START INFORMATION
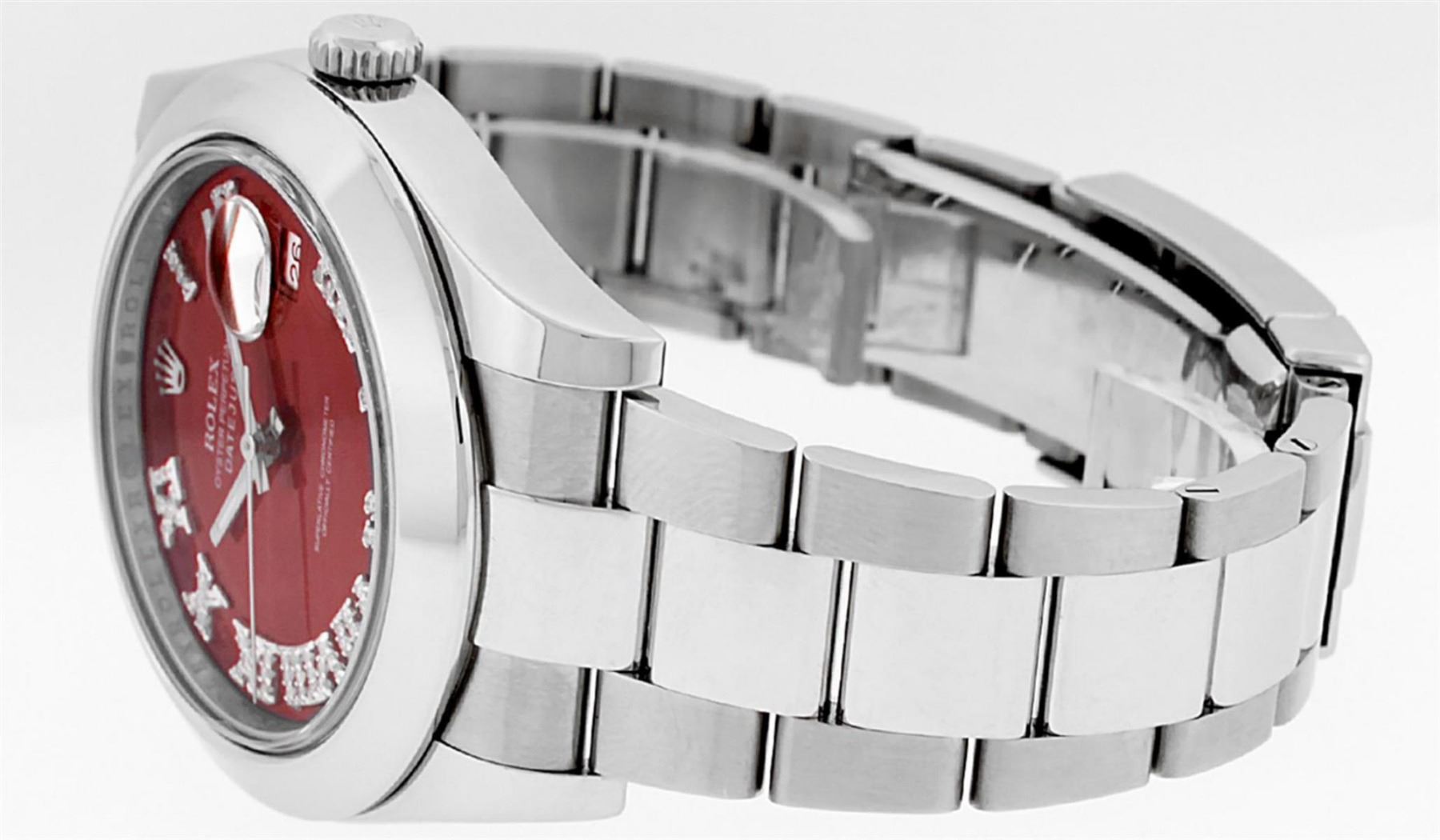 One Mens Rolex Datejust 2 Polished With Shiny Finish, Serviced & Electronically Tested, Stainless Steel Case: 41mm, Stainless Steel Crown, Bezel: Stainless Steel Smooth Bezel, Crystal: Scratch Resistant Synthetic Sapphire Cyclops Lens. Movement: Automatic Winding Movement Caliber 3136. Custom Dial: Red Roman Diamond Dial, Diamond Color: G To H, Clarity: SI-VS. Date Window: 3 O'Clock Position Date Display, Quickset, Model: Datejust 2. Condition: G-6 Extra Fine The Watch Is In Very Good Condition Free Of All Scratches And Dents. Bracelet: Stainless Steel Oyster Band. Bright Polish & Satin Finish. 7.5 Inch Length, Adjustable. Standard Clasp, With Rolex Logo. This Watch Has Been Serviced Time Tested And Is In Excellent Condition It Is Free Of All Scratches And Dents. This Watch Comes With A Rolex Box.
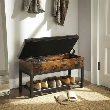 Un siège confortableMettez vos chaussures sans effort en vous asseyant sur ce banc bien rembourrĂ©. | Fini le dĂ©sordre dans vos chaussuresPlacez vos chaussures sur l’Ă©tagère grillagĂ©e de ce banc Ă chaussures et donnez Ă votre entrĂ©e un aspect soignĂ©. | Allons-yOuvrez le couvercle du coffre et dĂ©couvrez encore plus d’espace de rangement ! |
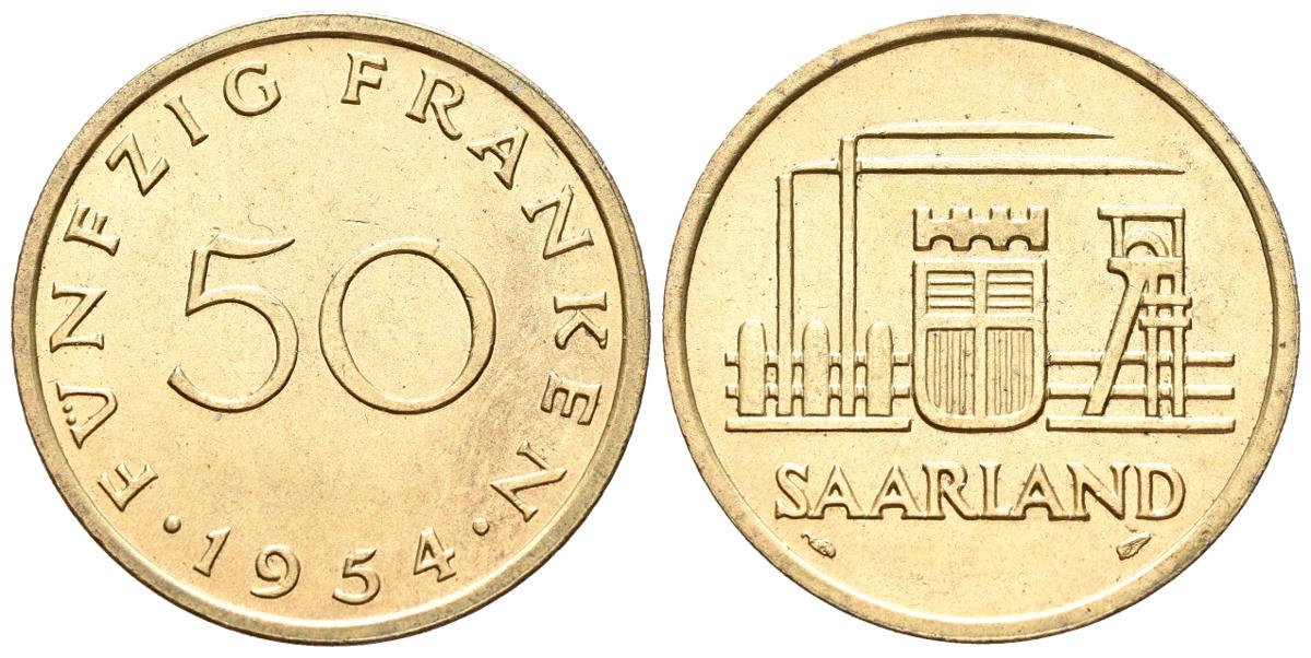 SARRE (Bajo control Francés). 50 Franken (Cu-Ni. 8,21g/27mm). 1954. Prueba. (Gad-3). EBC+.
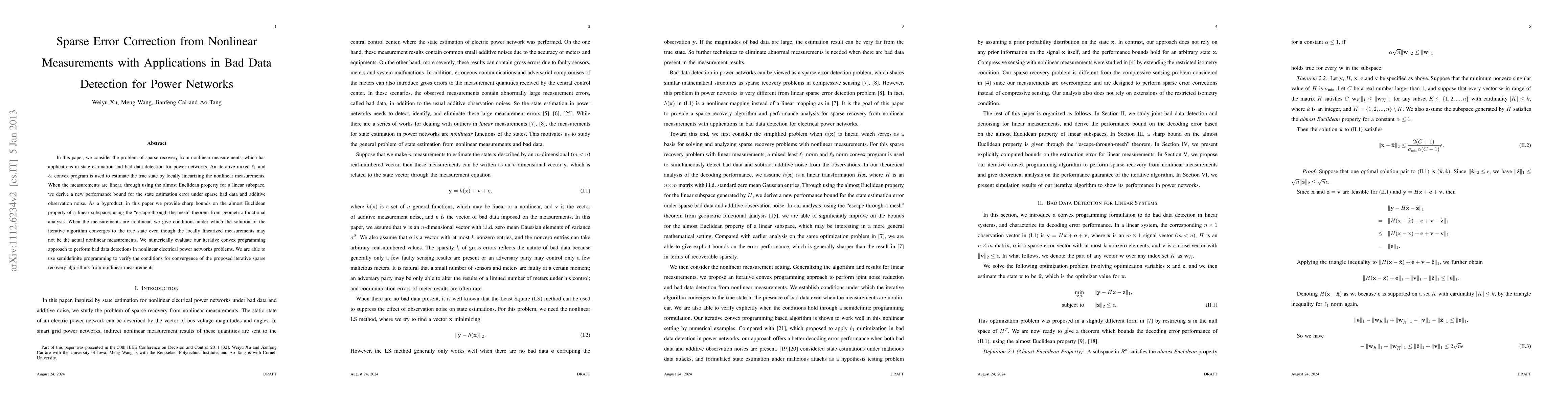 This paper proposes an iterative mixed $\ell_1$ and $\ell_2$ convex program for sparse recovery from nonlinear measurements, applying it to state estimation and bad data detection in power networks. It provides performance bounds for linear measurements and convergence conditions for nonlinear cases, validated through numerical evaluations and semidefinite programming.
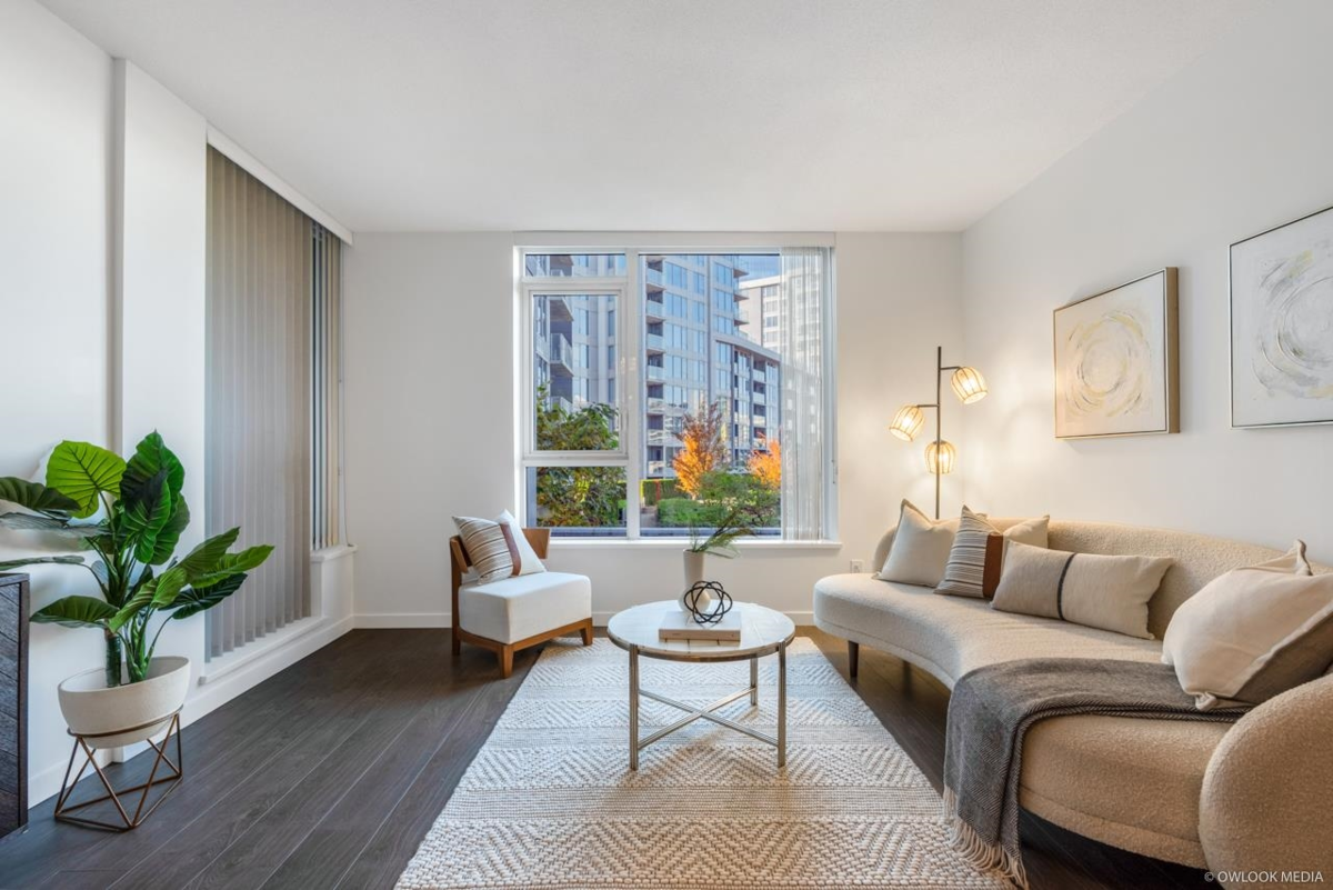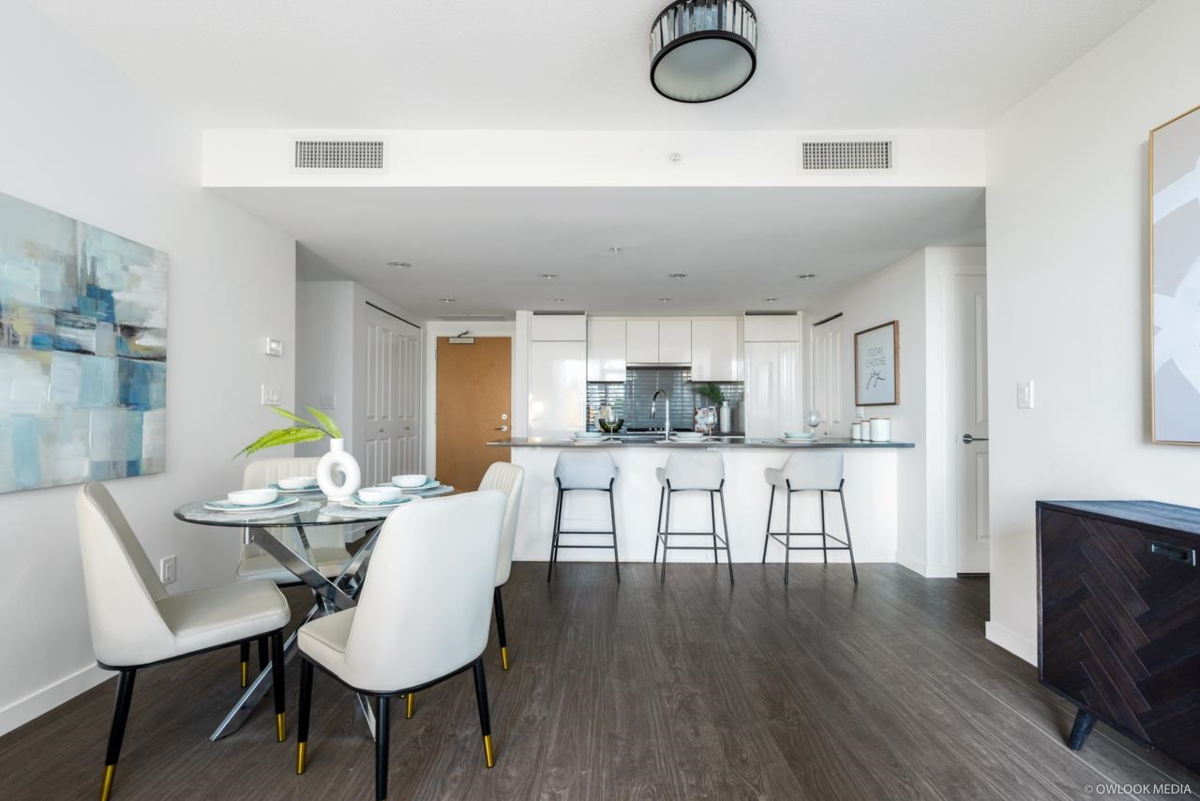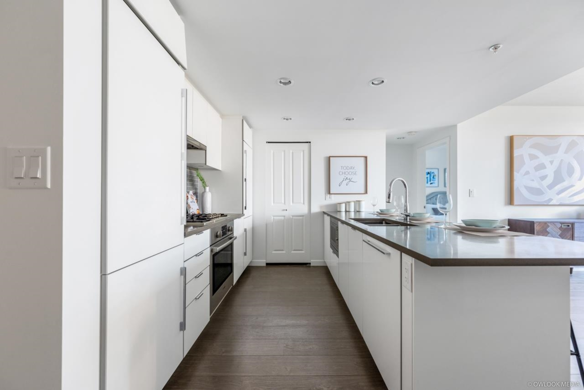 Avanti by Polygon. This home is two separated bedrooms and a den to maximize privacy. The kitchen is outfitted with sleek cabinetry, smooth engineered stone countertops and integrated Bosh appliance. Restaurant, Shopping and transit just steps away , a 4.2 acre urban park next door. Walk to Aberdeen Station in less than 5 minutes. A must see!
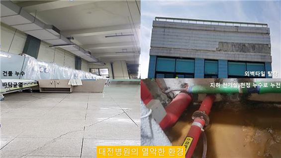 구체적인 문제로는 낡고 오래된 병원시설, 의료장비 노후화를 꼽았다. 1977년 설립된 태백병원, 79년 설립된 창원병원 등 40년이 넘는 병원들의 시설낙후, 특히 시설 낙후를 넘어서 안전성 문제가 있는 대전병원의 심각한 병원시설 노후화가 심각했다. 의료장비는 최대 내용연수를 20년을 초과한 장비를 사용하는 등 심각성이 들어났다. 21년 6월말 기준 산재병원들이 보유한 3천만원 이상 고가의료장비는 총 402점(716억)이며, 내용연수 초과장비는 170점으로 절반에 가까운 42.3%(279억)에 이른다고 밝혔다.
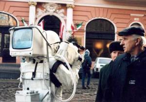 There was Pawel Althammer‘s Kosmonauta 1: a project where he dressed up in a self-built space suit and walked around the city, filming people’s reaction, which was pretty cool.
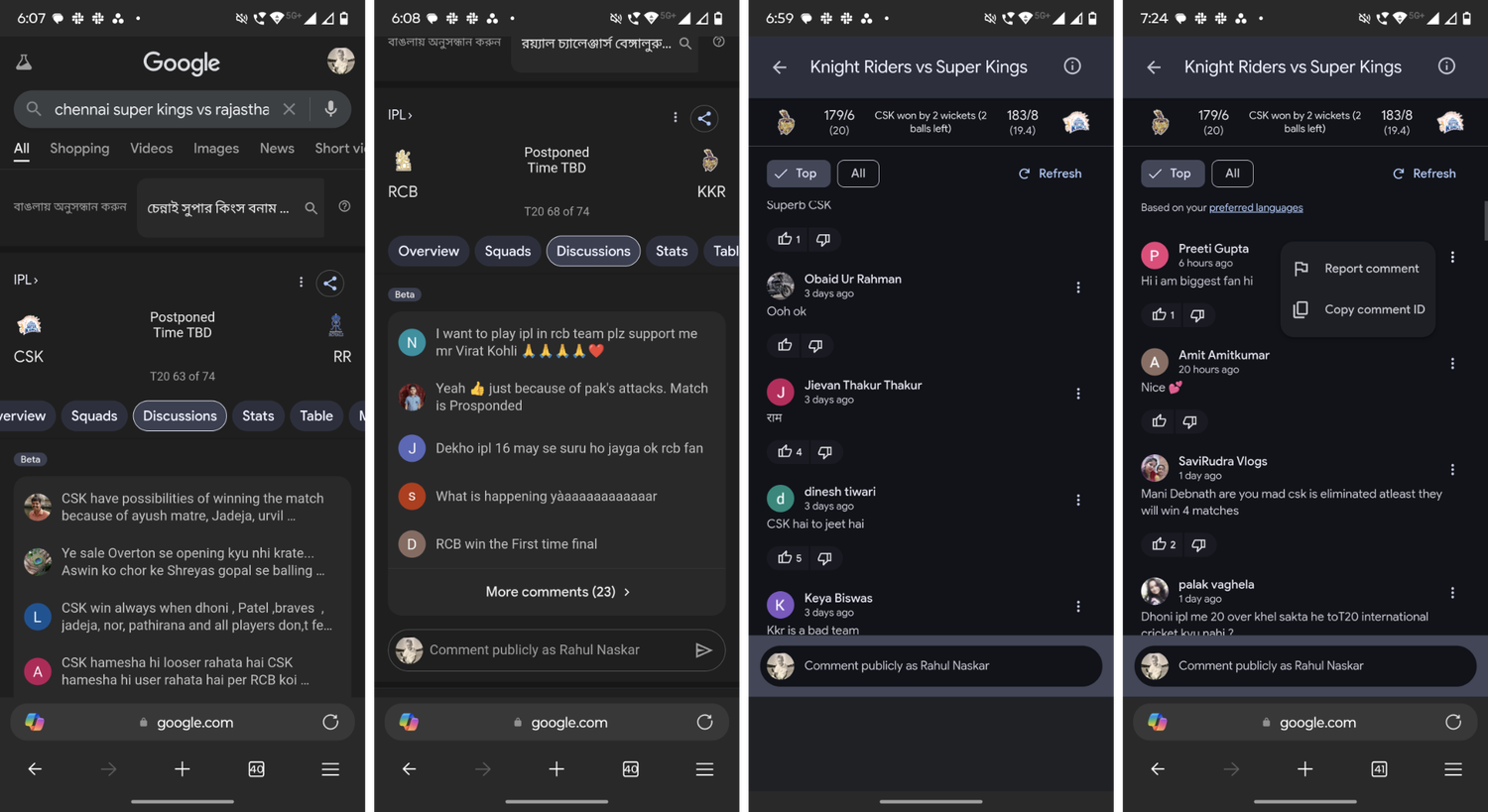Как и ожидалось, панель обсуждения позволяет любому человеку с учетной записью Google общаться с другими и делиться своим мнением об этом матче. При добавлении комментария отображается аватар (или первая буква имени, если фото профиля нет). Полное имя видно другим участникам обсуждения только после нажатия на кнопку «Больше комментариев».
END INFORMATION
▶ **PROBLEM STATEMENT**
Transcribe the records verbatim, excluding pictures.

▶ **SOLUTION**
 One Mens Rolex Datejust 2 Polished With Shiny Finish, Serviced & Electronically Tested, Stainless Steel Case: 41mm, Stainless Steel Crown, Bezel: Stainless Steel Smooth Bezel, Crystal: Scratch Resistant Synthetic Sapphire Cyclops Lens. Movement: Automatic Winding Movement Caliber 3136. Custom Dial: Red Roman Diamond Dial, Diamond Color: G To H, Clarity: SI-VS. Date Window: 3 O'Clock Position Date Display, Quickset, Model: Datejust 2. Condition: G-6 Extra Fine The Watch Is In Very Good Condition Free Of All Scratches And Dents. Bracelet: Stainless Steel Oyster Band. Bright Polish & Satin Finish. 7.5 Inch Length, Adjustable. Standard Clasp, With Rolex Logo. This Watch Has Been Serviced Time Tested And Is In Excellent Condition It Is Free Of All Scratches And Dents. This Watch Comes With A Rolex Box.
 Un siège confortableMettez vos chaussures sans effort en vous asseyant sur ce banc bien rembourrĂ©. | Fini le dĂ©sordre dans vos chaussuresPlacez vos chaussures sur l’Ă©tagère grillagĂ©e de ce banc Ă chaussures et donnez Ă votre entrĂ©e un aspect soignĂ©. | Allons-yOuvrez le couvercle du coffre et dĂ©couvrez encore plus d’espace de rangement ! |
 SARRE (Bajo control Francés). 50 Franken (Cu-Ni. 8,21g/27mm). 1954. Prueba. (Gad-3). EBC+.
 This paper proposes an iterative mixed $\ell_1$ and $\ell_2$ convex program for sparse recovery from nonlinear measurements, applying it to state estimation and bad data detection in power networks. It provides performance bounds for linear measurements and convergence conditions for nonlinear cases, validated through numerical evaluations and semidefinite programming.
 Avanti by Polygon. This home is two separated bedrooms and a den to maximize privacy. The kitchen is outfitted with sleek cabinetry, smooth engineered stone countertops and integrated Bosh appliance. Restaurant, Shopping and transit just steps away , a 4.2 acre urban park next door. Walk to Aberdeen Station in less than 5 minutes. A must see!
 구체적인 문제로는 낡고 오래된 병원시설, 의료장비 노후화를 꼽았다. 1977년 설립된 태백병원, 79년 설립된 창원병원 등 40년이 넘는 병원들의 시설낙후, 특히 시설 낙후를 넘어서 안전성 문제가 있는 대전병원의 심각한 병원시설 노후화가 심각했다. 의료장비는 최대 내용연수를 20년을 초과한 장비를 사용하는 등 심각성이 들어났다. 21년 6월말 기준 산재병원들이 보유한 3천만원 이상 고가의료장비는 총 402점(716억)이며, 내용연수 초과장비는 170점으로 절반에 가까운 42.3%(279억)에 이른다고 밝혔다.
 There was Pawel Althammer‘s Kosmonauta 1: a project where he dressed up in a self-built space suit and walked around the city, filming people’s reaction, which was pretty cool.
Как и ожидалось, панель обсуждения позволяет любому человеку с учетной записью Google общаться с другими и делиться своим мнением об этом матче. При добавлении комментария отображается аватар (или первая буква имени, если фото профиля нет). Полное имя видно другим участникам обсуждения только после нажатия на кнопку «Больше комментариев».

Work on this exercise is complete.